*About this task*. Copy only the lines between the one containing "desired address and" and the end of the records, both included, leaving out pictures.

[Data records]
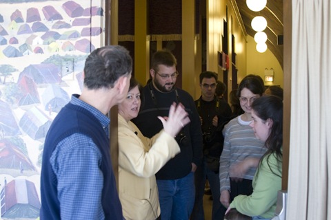 The Mennonite Information Center where the Tabernacle Tour was givenBut a highlight of the trip for me was Saturday, when our Aunt and Uncle took us on a nearby tour of a replica of the Old Testament Tabernacle. It was much simpler than I thought! Unfortunately photography Our cousins live just outside of Amish Country.was not allowed inside, but we all now have a clear mental picture of the brasen altar, the golden candlestick, the Ark of the Covenant, the veil which set apart the Holy of Holies, and the overall size of the Tabernacle and its The door into the Tabernaclefurnishings. We were blessed with an excellent tour guide who made learning about the significance of each item in the Tabernacle a fun experience, and who even took the time to answer our Life-size figures performing their duties in the outer courtpersonal questions. The tour totally transformed my perspective of the Tabernacle! Now I am looking forward to reading the Old Testament, because I have the bigger picture and will be able to appreciate better the precise instructions Our guide explaining the intricacies of the TabernacleGod gave for building, using, and maintaining His holy habitation, as well as the symbolism it holds for our bodies as tabernacles of the Holy Spirit.
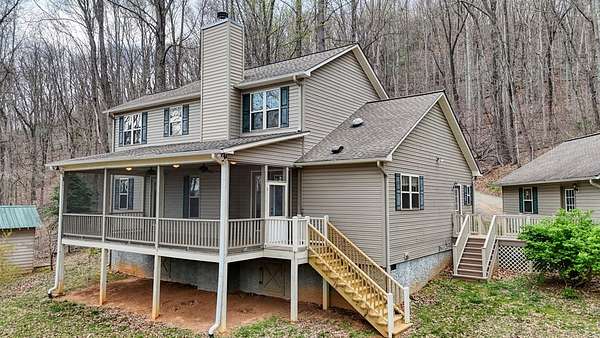 Tucked away at the end of the road on 8.09 private acres, this beautiful mountain retreat offers the perfect blend of serenity and convenience. Surrounded by nature with seasonal mountain views, this property delivers the peaceful lifestyle you've been searching for. The home features 3 bedrooms and 2.5 baths with a thoughtfully designed layout. A charming covered front porch welcomes you home and provides the perfect spot to relax and enjoy the peaceful setting. Inside, the main level boasts an inviting open-concept living room, kitchen, and dining area centered around a stunning real wood-burning fireplace—perfect for cozy evenings. A spacious screened porch extends your living space outdoors, ideal for entertaining or unwinding while taking in the natural surroundings. The main-level primary suite offers comfort and convenience, along with a functional mudroom for everyday ease. Upstairs, you'll find two additional bedrooms and a full bath, providing plenty of room for family or guests. Outside, the property continues to impress with a detached two-car garage, additional storage room, and outbuilding—offering endless possibilities for hobbies, storage, or workshop space. With over 8 acres, there's plenty of room to expand, garden, or simply enjoy the privacy. Located just a short drive to shopping, dining, and the beauty of Lake Chatuge, this property combines seclusion with accessibility. Whether you're looking for a full-time residence, vacation getaway, or investment opportunity, this home is full of potential. Call me today!
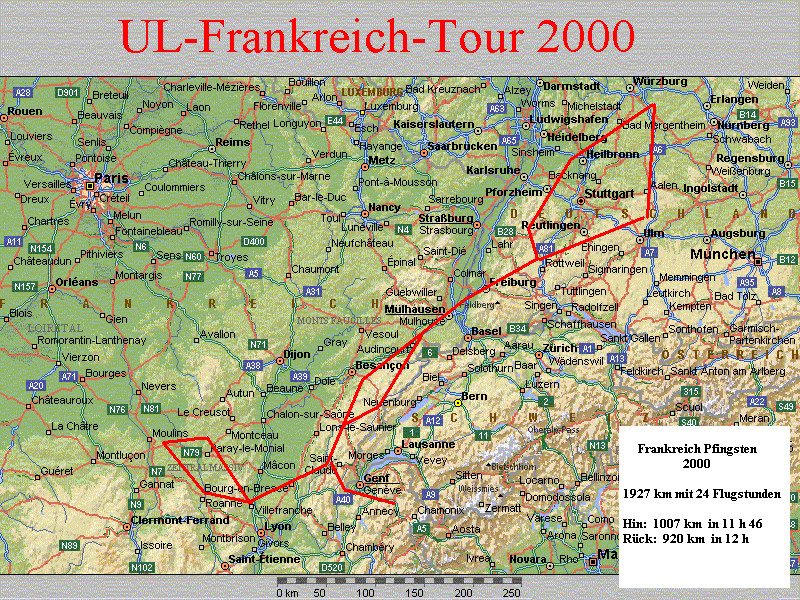 mickrige 2,10 Euro x 6 UL, also keine 15,-DM für alle zusammen, wir waren angenehm überrascht. Leider war auch hier das Restaurant geschlossen, aber in Selbstbedienung konnten wir uns bei der Flugschule versorgen. Einen Abstecher auf dem Rückflug zum UL-Platz nordöstlich von Roanne unmittelbar neben der Loire sollte nicht vergessen werden.
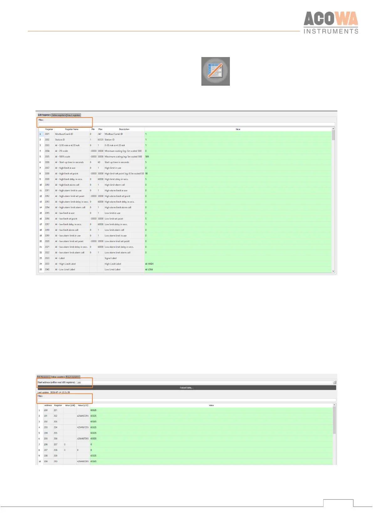 desired address and the subsequent 100 registers are found. The filter function shows the specific search
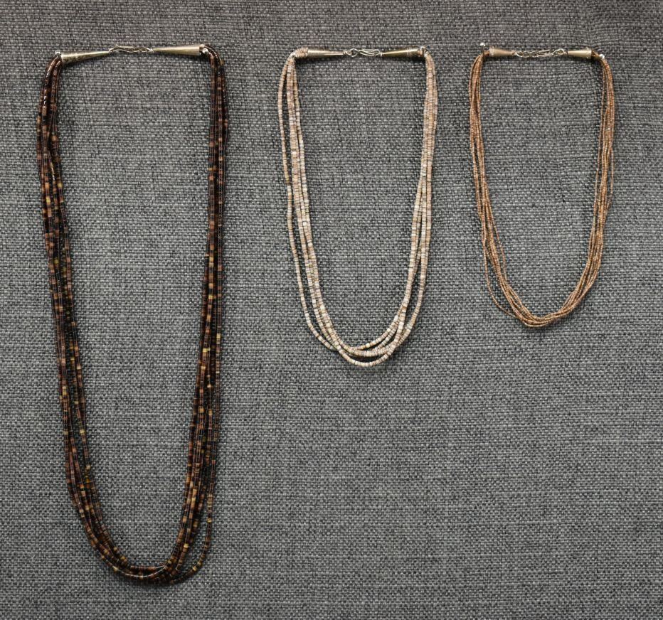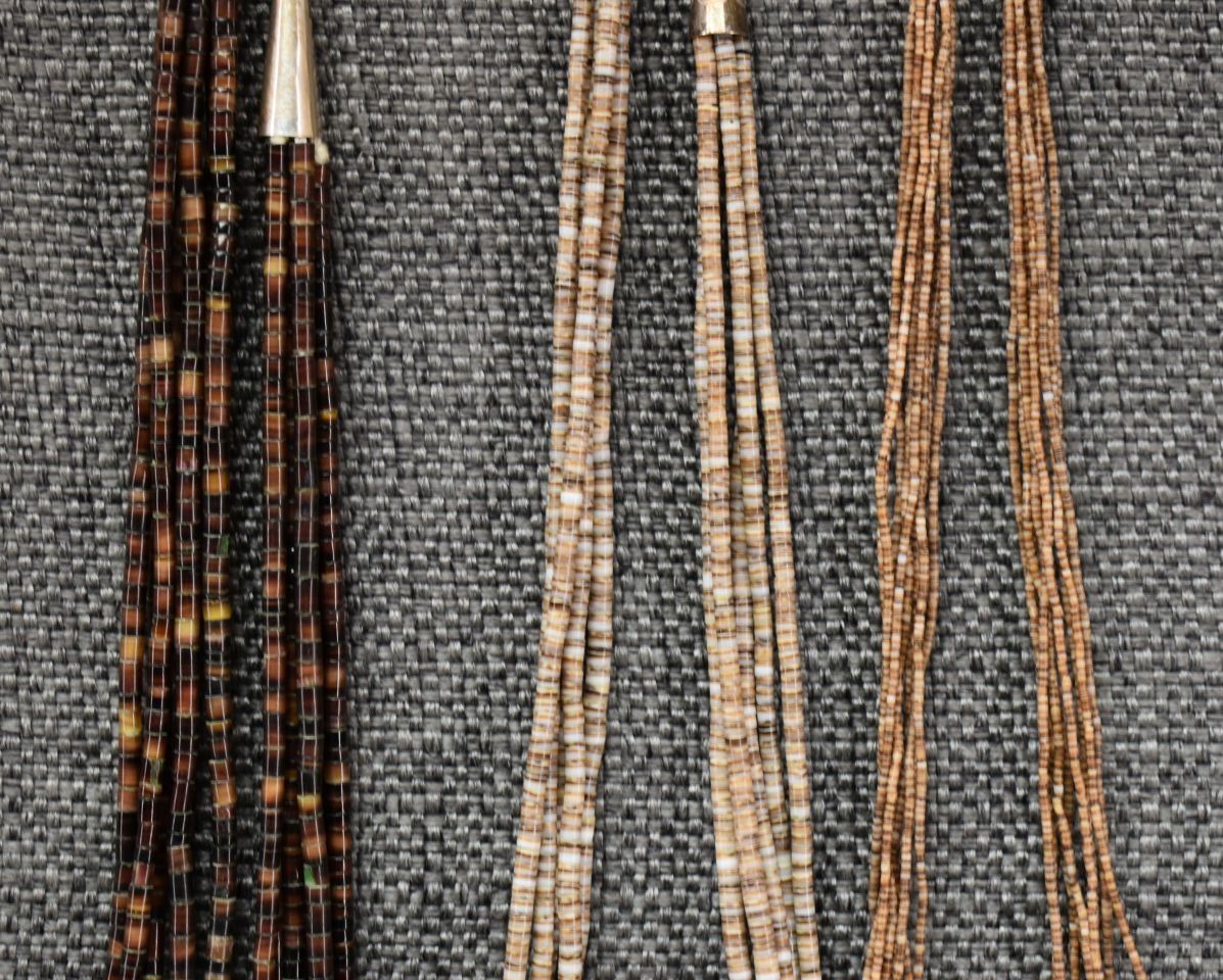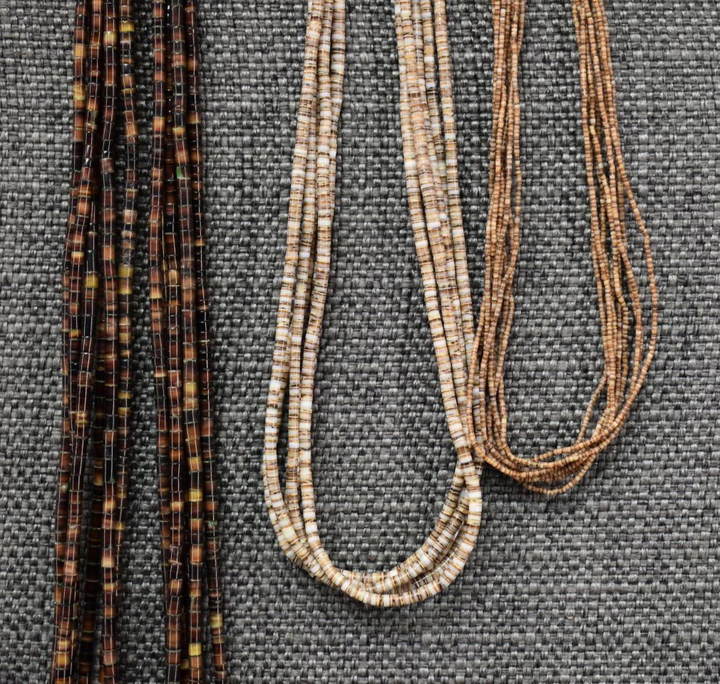 1980's Santo Domingo, shell heishe necklaces. Longest is 24'' long

*Response area*.
 desired address and the subsequent 100 registers are found. The filter function shows the specific search
 1980's Santo Domingo, shell heishe necklaces. Longest is 24'' long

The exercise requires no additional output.